The Earth hangs some 93 million miles from the Sun, with the seemingly empty void of space as a backdrop. But space, though vast, is hardly empty. The Earth is bathed in the solar wind, a stream of charged particles that emanates from our star. Once in a while, when the Sun gets uppity, a gigantic solar flare will plow through the solar wind and slam into the Earth. The collision sends a torrent of charged particles arcing along the Earth’s magnetic field and triggers beautiful auroral displays.
But the northern lights aren’t the only thing solar flares bring to the Earth
Solar flares were predicted to release some antimatter particles among the deluge of charged particles spat out during these eruptions. But this is the first time researchers have observed antimatter coming from the sun.

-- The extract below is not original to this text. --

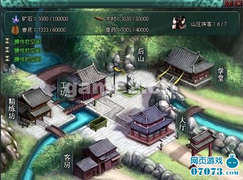 山庄拥有以下六个建筑:大厅、客房、学堂、工坊、精练坊、后山。每个建筑都拥有自己功能项目。
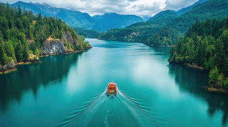 Experience a stunning aerial view of a vibrant boat sailing through tranquil waters, surrounded by lush forests and majestic mountains under a cloudy sky.

Antimatter particles have the same mass and other characteristics as their regular-matter counterparts, but they have opposite charge. When the universe was born about 13.8 billion years ago in the Big Bang, there was probably about as much matter as antimatter, scientists think. Somehow, collisions with matter destroyed most of the antimatter (when matter and antimatter meet, they annihilate), leaving a slight surplus of matter, which became the planets, stars and galaxies in our universe.
The Sun isn’t the only thing spouting antimatter, though. A weird kind of lightning here on Earth, called Dark Lightning, sends a shock of antimatter flying into space.